# Assigned task
Repeat the lines below exactly as written, please, from the line with "kamames Autumn And" to the line with "5、设置可用库存(可选,这里软件默认勾选四项)", both lines included, and no others.

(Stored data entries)
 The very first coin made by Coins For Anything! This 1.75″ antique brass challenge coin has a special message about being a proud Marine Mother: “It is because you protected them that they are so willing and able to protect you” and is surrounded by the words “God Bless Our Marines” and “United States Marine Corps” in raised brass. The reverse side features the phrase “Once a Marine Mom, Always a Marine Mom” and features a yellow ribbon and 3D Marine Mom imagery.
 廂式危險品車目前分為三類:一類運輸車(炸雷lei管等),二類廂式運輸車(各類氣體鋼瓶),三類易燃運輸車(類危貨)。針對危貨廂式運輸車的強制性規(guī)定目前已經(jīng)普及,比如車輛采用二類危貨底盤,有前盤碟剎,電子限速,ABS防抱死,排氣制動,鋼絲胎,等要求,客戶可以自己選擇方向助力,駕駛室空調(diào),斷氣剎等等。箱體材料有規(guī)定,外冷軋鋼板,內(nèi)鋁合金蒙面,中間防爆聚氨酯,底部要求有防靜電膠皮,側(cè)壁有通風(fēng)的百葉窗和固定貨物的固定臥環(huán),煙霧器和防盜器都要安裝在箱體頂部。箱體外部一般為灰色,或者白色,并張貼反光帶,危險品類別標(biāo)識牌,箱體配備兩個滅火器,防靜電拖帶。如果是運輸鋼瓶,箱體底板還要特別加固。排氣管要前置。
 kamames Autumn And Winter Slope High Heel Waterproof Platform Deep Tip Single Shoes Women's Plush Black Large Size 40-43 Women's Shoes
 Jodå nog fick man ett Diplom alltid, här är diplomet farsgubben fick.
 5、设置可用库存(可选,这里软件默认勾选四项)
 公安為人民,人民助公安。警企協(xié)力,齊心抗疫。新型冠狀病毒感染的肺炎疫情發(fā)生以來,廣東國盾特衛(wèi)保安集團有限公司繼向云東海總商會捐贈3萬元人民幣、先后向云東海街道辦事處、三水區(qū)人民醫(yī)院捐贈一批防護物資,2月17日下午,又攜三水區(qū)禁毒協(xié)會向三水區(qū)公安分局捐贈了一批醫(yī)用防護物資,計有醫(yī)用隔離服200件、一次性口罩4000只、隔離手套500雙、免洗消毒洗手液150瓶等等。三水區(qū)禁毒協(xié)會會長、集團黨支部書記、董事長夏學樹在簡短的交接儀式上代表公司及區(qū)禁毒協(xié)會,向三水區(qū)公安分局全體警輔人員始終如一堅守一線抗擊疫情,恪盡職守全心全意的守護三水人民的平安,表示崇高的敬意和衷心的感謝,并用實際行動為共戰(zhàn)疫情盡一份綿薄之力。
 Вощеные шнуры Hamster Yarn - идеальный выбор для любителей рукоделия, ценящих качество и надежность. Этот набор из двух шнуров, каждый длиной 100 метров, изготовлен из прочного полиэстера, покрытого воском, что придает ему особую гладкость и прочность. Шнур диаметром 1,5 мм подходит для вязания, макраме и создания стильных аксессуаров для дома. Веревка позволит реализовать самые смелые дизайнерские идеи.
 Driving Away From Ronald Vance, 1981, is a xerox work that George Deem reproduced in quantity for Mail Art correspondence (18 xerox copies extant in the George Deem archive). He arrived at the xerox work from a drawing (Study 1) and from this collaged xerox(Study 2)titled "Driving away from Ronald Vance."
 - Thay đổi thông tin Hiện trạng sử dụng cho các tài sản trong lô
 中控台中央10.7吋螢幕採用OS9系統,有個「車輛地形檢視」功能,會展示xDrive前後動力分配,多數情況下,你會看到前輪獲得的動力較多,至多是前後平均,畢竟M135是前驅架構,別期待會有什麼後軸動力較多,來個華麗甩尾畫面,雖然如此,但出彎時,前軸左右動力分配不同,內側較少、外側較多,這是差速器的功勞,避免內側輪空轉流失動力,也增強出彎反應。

# Answer for this exercise
 kamames Autumn And Winter Slope High Heel Waterproof Platform Deep Tip Single Shoes Women's Plush Black Large Size 40-43 Women's Shoes
 Jodå nog fick man ett Diplom alltid, här är diplomet farsgubben fick.
 5、设置可用库存(可选,这里软件默认勾选四项)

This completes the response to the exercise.